Data for this task:

= Beginning of Section =

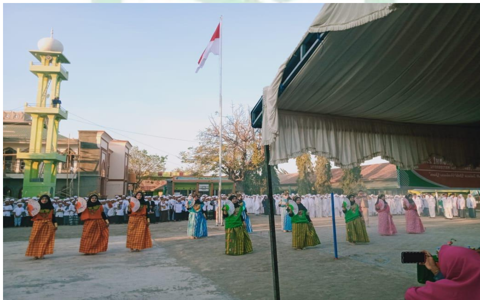
Gambar 14. Penampilan tari dari santriwati Pondok Pesantren DDI Mattoanging Bantaeng.
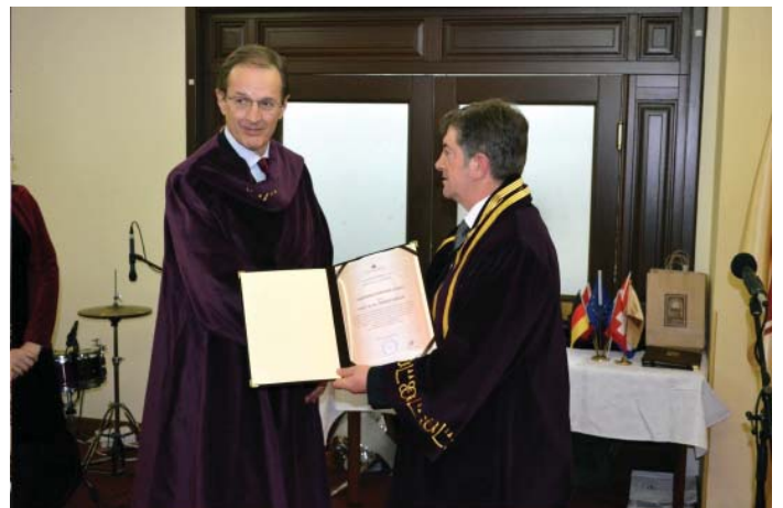
S dodjele počasnoga zvanja professor honoris causa Sveučilišta "St. Kliment Ohridski" u Bitoli
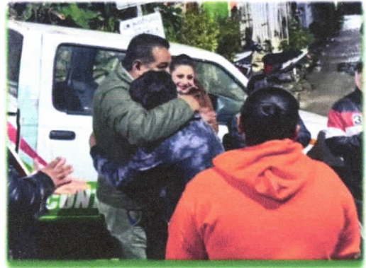
Entrega de cobijas a diversas comunidades
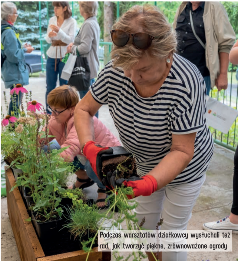
Podczas warsztatów działkowcy wysłuchali też rad, jak tworzyć piękne, zrównoważone ogrody
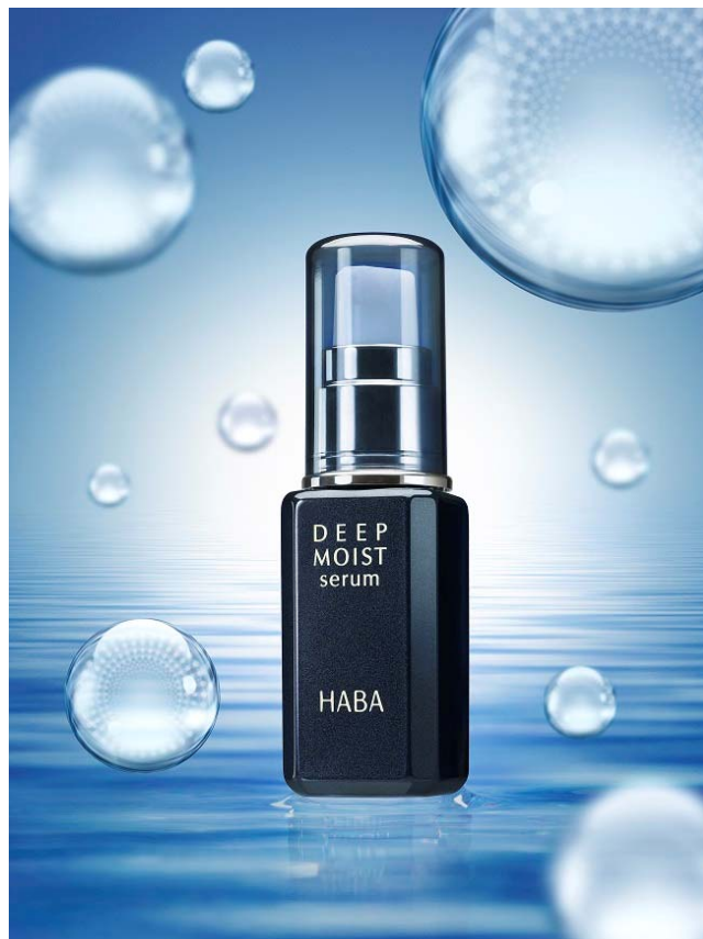
『ディープモイストセラム』 30mL 価格：3,600円（税別）

株式会社ハーバー研究所（所在地：東京都千代田区）は、2017年9月26日（火）より“速攻×持続”の高保湿美容液『ディープモイストセラム』を、全国のショップハーバー、通信販売および公式オンラインショップにて新発売いたします。
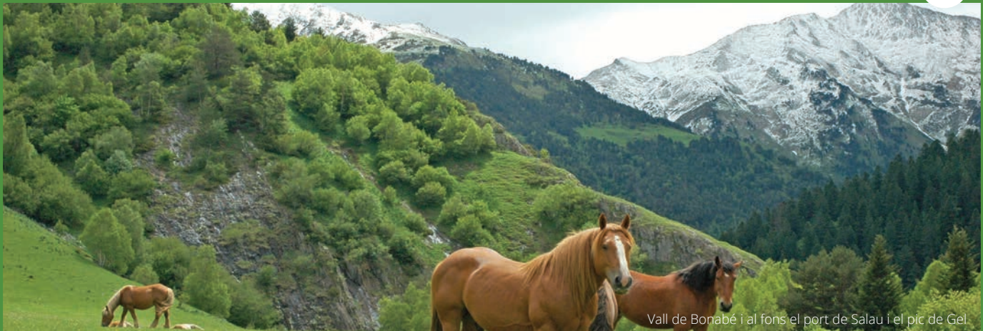
Vall de Bonabé i al fons el port de Salau i el pic de Gel

= End of Section =

Directions for this task: Leave out all pictures and retype precisely the lines that run from the line containing "Podczas warsztatów działkowcy" to the last line of the records.

Solution for this task:
Podczas warsztatów działkowcy wysłuchali też rad, jak tworzyć piękne, zrównoważone ogrody
『ディープモイストセラム』 30mL 価格：3,600円（税別）

株式会社ハーバー研究所（所在地：東京都千代田区）は、2017年9月26日（火）より“速攻×持続”の高保湿美容液『ディープモイストセラム』を、全国のショップハーバー、通信販売および公式オンラインショップにて新発売いたします。
Vall de Bonabé i al fons el port de Salau i el pic de Gel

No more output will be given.